What is required: Only the lines from the start of the data to the line containing "Give your amazing", both included, should be output, exactly and without pictures.

Stored dataset items
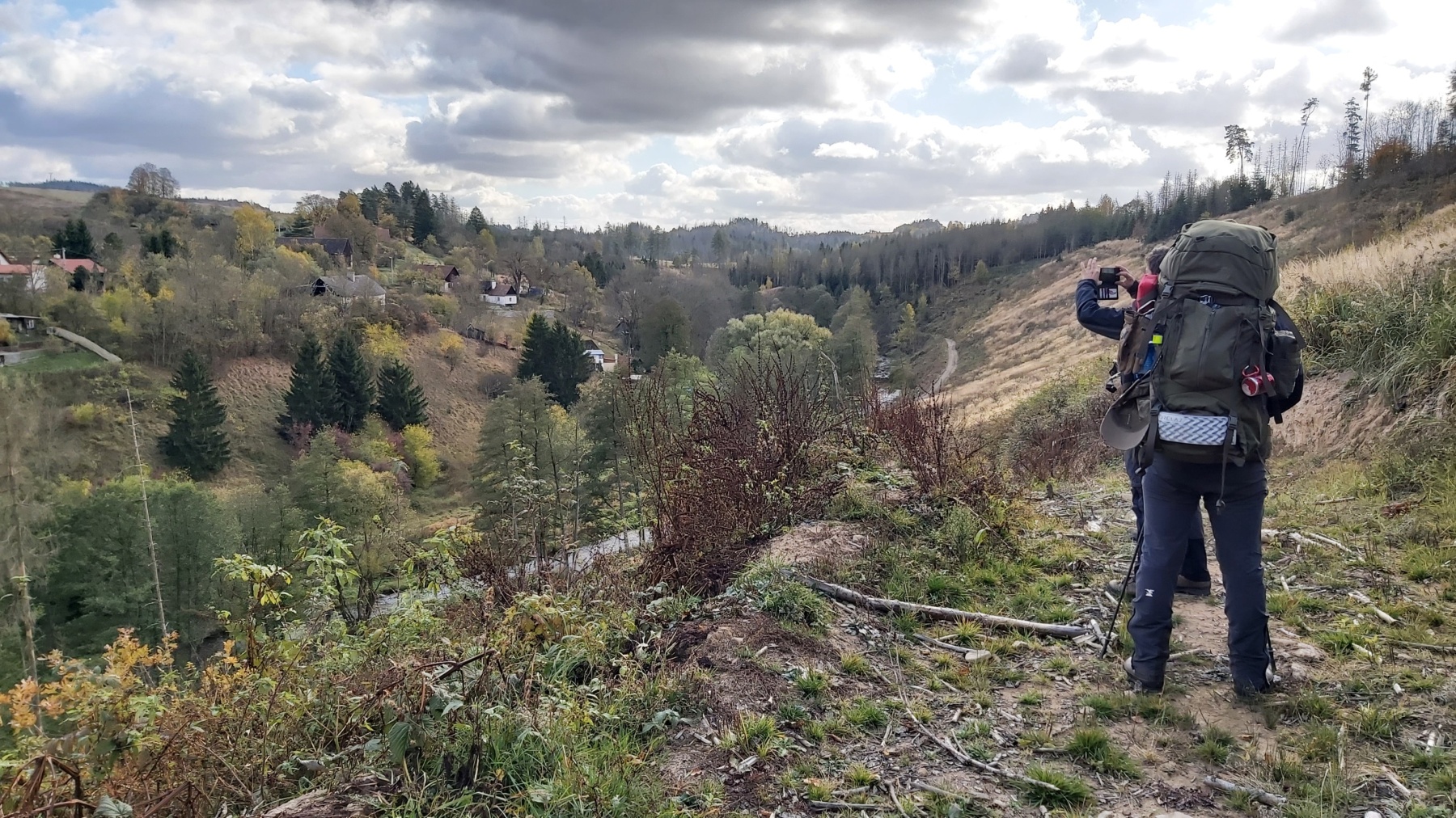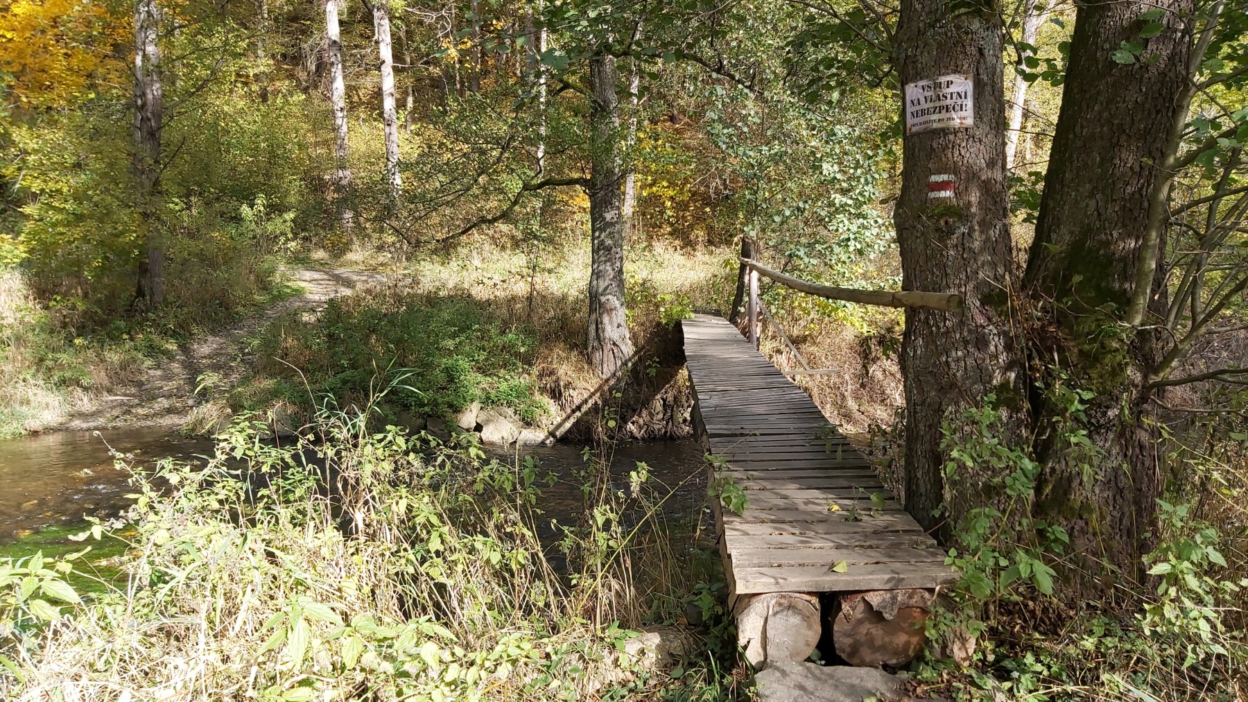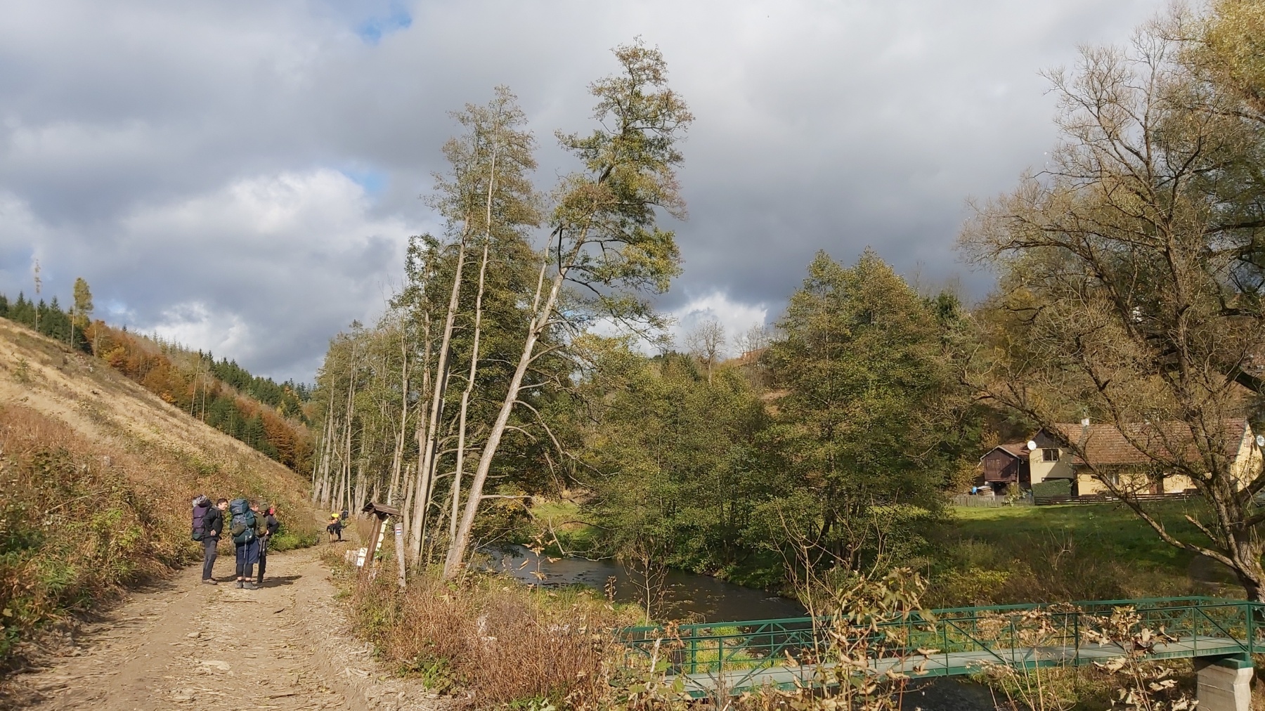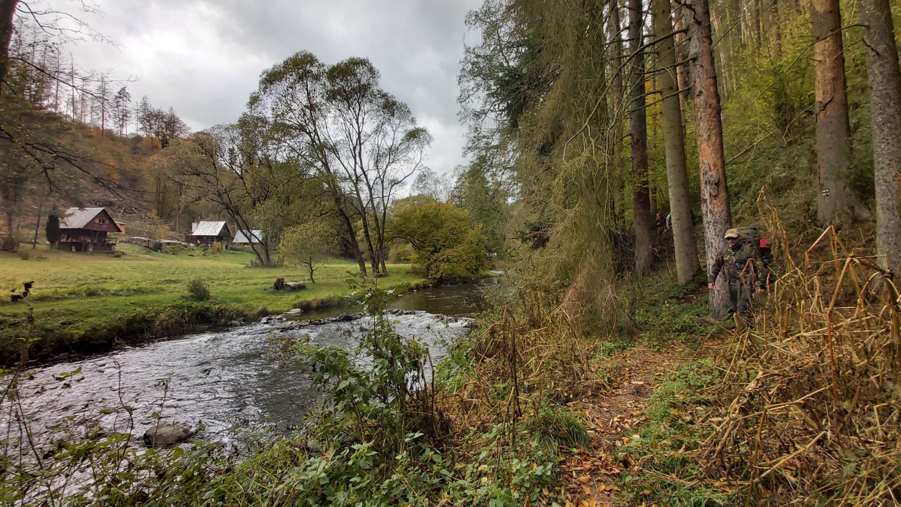 Po příchodu Hvozdíků vyrážíme. Čeká nás nejzajímavější úsek celého vandru. Začíná to tím, že jednou špatně odbočíme, což je ale ve finále k dobru, protože se nám otvírá pohled na údolí, říčku i chatičky nad ní. Abychom mohli pokračovat, musíme ovšem sejít ze svahu divočinou zpátky na stezku. Míjíme Habří a za chvilku jsme u Mariiny studánky. Tempo máme parádní, takže nám nevadí časté zastávky na focení a kochání. A je opravdu čím.
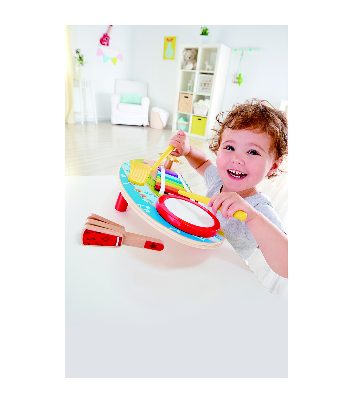 Para convertirse en una banda de una sola persona con esta increíble mesa de instrumentos múltiples. Incluye tambor, xilofón, platillo, dos palillos y más. Para que los chicos den sus primeros pasos musicales y estimular la coordinación ojo-mano.
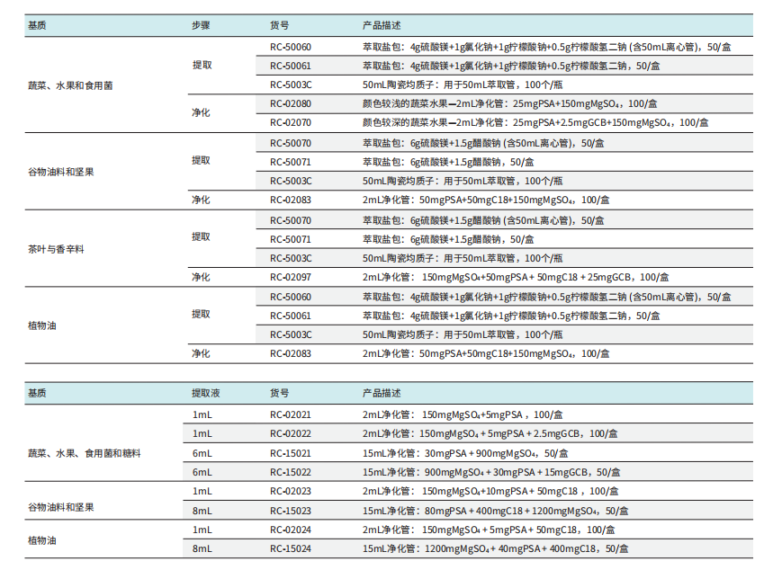 常見植物源性食品農(nóng)殘檢測之“QuEChERS”法耗材合集
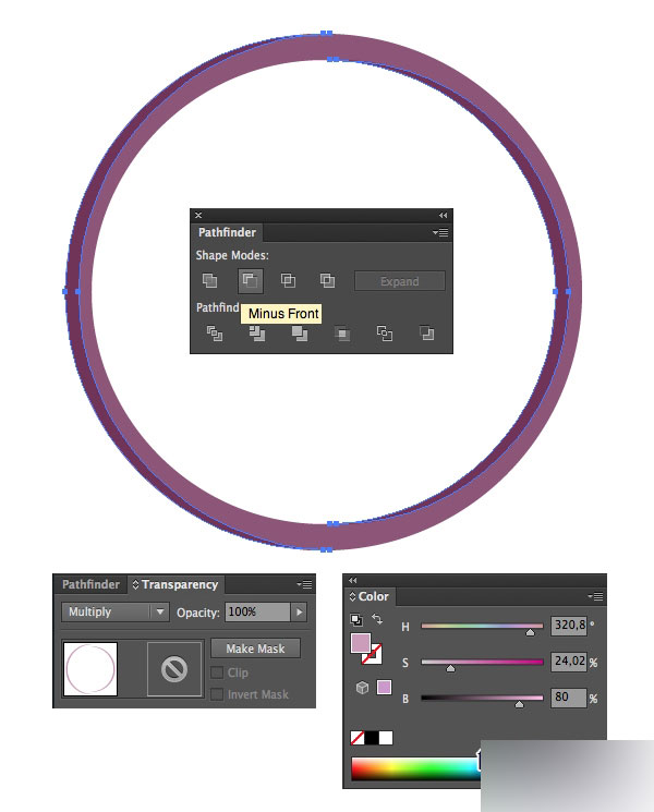 接下来,选择最上面的环形和它下面的那个圆环,(点击shift复选),然后找到路径查找器,窗口-路径查照器。选中两个对象后,点击路径查照器面板上的减去顶层按钮,在透明度面板中选择正片叠加,(找不到在窗口中找)让产生的图形更像一个阴影。之后我们会用同样的方法为自行车的其它部分创建一个半透明的效果。
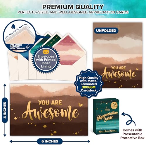 IDEAL FOR ALL OCCASIONS – Express appreciation in different ways with these appreciation note cards & work appreciation cards. You can use them as recognition cards, you’re awesome cards, grateful for you cards, or gratitude cards with envelopes.
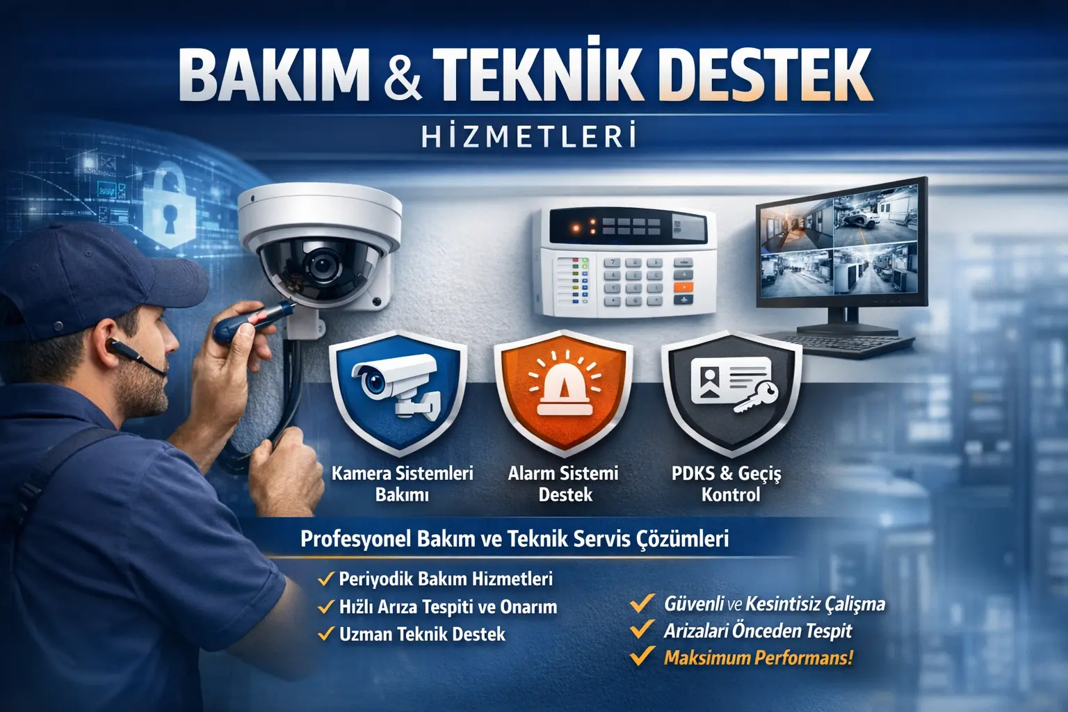 Bakım ve teknik destek hizmetleri, güvenlik sistemlerinin sorunsuz, kesintisiz ve yüksek performansla çalışması için kritik öneme sahiptir. Kamera sistemleri, alarm sistemleri, PDKS ve geçiş kontrol sistemlerinde uzman teknik ekibimizle profesyonel bakım ve teknik destek çözümleri sunuyoruz.
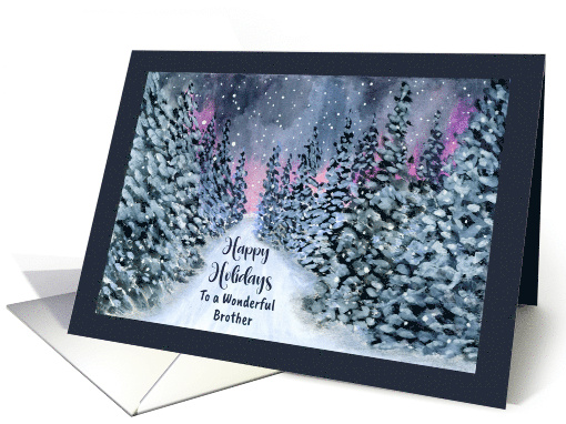 Give your amazing Brother this lovely Christmas card and send him best wishes for the holiday season. This illustration depicts a painting of a wintry scene, complete with a vivid sunset sky and an evergreen forest covered in snow.
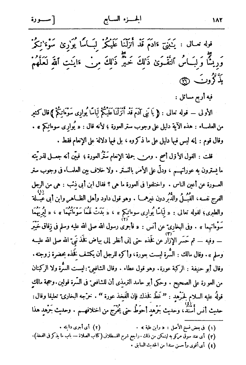 فِيهِ أَرْبَعُ مَسَائِلَ: الْأُولَى- قَوْلُهُ تَعَالَى: (يَا بَنِي آدَمَ قَدْ أَنْزَلْنا عَلَيْكُمْ لِباساً يُوارِي سَوْآتِكُمْ) قَالَ كَثِيرٌ مِنَ الْعُلَمَاءِ: هَذِهِ الْآيَةُ دَلِيلٌ عَلَى وُجُوبِ سَتْرِ الْعَوْرَةِ، لِأَنَّهُ قَالَ:" يُوارِي سَوْآتِكُمْ". وَقَالَ قَوْمٌ إِنَّهُ لَيْسَ فِيهَا دَلِيلٌ عَلَى مَا ذَكَرُوهُ، بَلْ فِيهَا دَلَالَةٌ عَلَى الْإِنْعَامِ فَقَطْ. قُلْتُ: الْقَوْلُ الْأَوَّلُ أَصَحُّ. وَمِنْ جُمْلَةِ الْإِنْعَامِ سَتْرُ الْعَوْرَةِ، فَبَيَّنَ أَنَّهُ (سُبْحَانَهُ وَتَعَالَى «١») جَعَلَ لِذُرِّيَّتِهِ مَا يَسْتُرُونَ بِهِ عَوْرَاتِهِمْ، وَدَلَّ عَلَى الْأَمْرِ بِالسَّتْرِ. وَلَا خِلَافَ بَيْنِ الْعُلَمَاءِ فِي وُجُوبِ سَتْرِ الْعَوْرَةِ عَنْ أَعْيُنِ النَّاسِ. وَاخْتَلَفُوا فِي الْعَوْرَةِ مَا هِيَ؟ فَقَالَ ابْنُ أَبِي ذِئْبٍ: هِيَ مِنَ الرَّجُلِ الْفَرْجُ نَفْسُهُ، الْقُبُلُ وَالدُّبُرُ دُونَ غَيْرِهِمَا. وَهُوَ قَوْلُ دَاوُدَ وَأَهْلِ الظَّاهِرِ وَابْنِ أَبِي عَبْلَةَ «٢» وَالطَّبَرِيِّ، لِقَوْلِهِ تَعَالَى:" لِباساً يُوارِي سَوْآتِكُمْ"،" بَدَتْ لَهُما سَوْآتُهُما"،" لِيُرِيَهُما سَوْآتِهِما". وَفِي الْبُخَارِيِّ عَنْ أَنَسٍ:" فَأَجْرَى «٣» رَسُولُ اللَّهِ صَلَّى اللَّهُ عَلَيْهِ وَسَلَّمَ فِي زُقَاقِ خَيْبَرَ- وَفِيهِ- ثُمَّ حَسِرَ «٤» الْإِزَارُ عَنْ فَخِذِهِ حَتَّى إِنِّي أَنْظُرُ إِلَى بَيَاضِ فَخِذِ نَبِيِّ اللَّهِ صَلَّى اللَّهُ عَلَيْهِ وَسَلَّمَ". وَقَالَ مَالِكٌ: السُّرَّةُ لَيْسَتْ بِعَوْرَةٍ، وَأَكْرَهُ لِلرَّجُلِ أَنْ يَكْشِفَ فَخِذَهُ بِحَضْرَةِ زَوْجَتِهِ. وَقَالَ أَبُو حَنِيفَةَ: الرُّكْبَةُ عَوْرَةٌ. وَهُوَ قَوْلُ عَطَاءٍ. وَقَالَ الشَّافِعِيُّ: لَيْسَتِ السُّرَّةُ وَلَا الرُّكْبَتَانِ مِنَ الْعَوْرَةِ عَلَى الصَّحِيحِ. وَحَكَى أَبُو حَامِدٍ التِّرْمِذِيُّ أَنَّ لِلشَّافِعِيِّ فِي السُّرَّةِ قَوْلَيْنِ. وَحُجَّةُ مَالِكٍ قَوْلُهُ عَلَيْهِ السَّلَامُ لِجَرْهَدٍ: (غَطِّ فَخِذكَ فَإِنَّ الْفَخِذَ عَوْرَةٌ). خَرَّجَهُ الْبُخَارِيُّ تَعْلِيقًا وَقَالَ: حَدِيثُ أَنَسٍ أَسْنَدُ «٥»، وَحَدِيثُ جَرْهَدٍ أَحْوَطُ حَتَّى يَخْرُجَ مِنَ اختلافهم. وحديث جرهد هذا

Answer:
 Po příchodu Hvozdíků vyrážíme. Čeká nás nejzajímavější úsek celého vandru. Začíná to tím, že jednou špatně odbočíme, což je ale ve finále k dobru, protože se nám otvírá pohled na údolí, říčku i chatičky nad ní. Abychom mohli pokračovat, musíme ovšem sejít ze svahu divočinou zpátky na stezku. Míjíme Habří a za chvilku jsme u Mariiny studánky. Tempo máme parádní, takže nám nevadí časté zastávky na focení a kochání. A je opravdu čím.
 Para convertirse en una banda de una sola persona con esta increíble mesa de instrumentos múltiples. Incluye tambor, xilofón, platillo, dos palillos y más. Para que los chicos den sus primeros pasos musicales y estimular la coordinación ojo-mano.
 常見植物源性食品農(nóng)殘檢測之“QuEChERS”法耗材合集
 接下来,选择最上面的环形和它下面的那个圆环,(点击shift复选),然后找到路径查找器,窗口-路径查照器。选中两个对象后,点击路径查照器面板上的减去顶层按钮,在透明度面板中选择正片叠加,(找不到在窗口中找)让产生的图形更像一个阴影。之后我们会用同样的方法为自行车的其它部分创建一个半透明的效果。
 IDEAL FOR ALL OCCASIONS – Express appreciation in different ways with these appreciation note cards & work appreciation cards. You can use them as recognition cards, you’re awesome cards, grateful for you cards, or gratitude cards with envelopes.
 Bakım ve teknik destek hizmetleri, güvenlik sistemlerinin sorunsuz, kesintisiz ve yüksek performansla çalışması için kritik öneme sahiptir. Kamera sistemleri, alarm sistemleri, PDKS ve geçiş kontrol sistemlerinde uzman teknik ekibimizle profesyonel bakım ve teknik destek çözümleri sunuyoruz.
 Give your amazing Brother this lovely Christmas card and send him best wishes for the holiday season. This illustration depicts a painting of a wintry scene, complete with a vivid sunset sky and an evergreen forest covered in snow.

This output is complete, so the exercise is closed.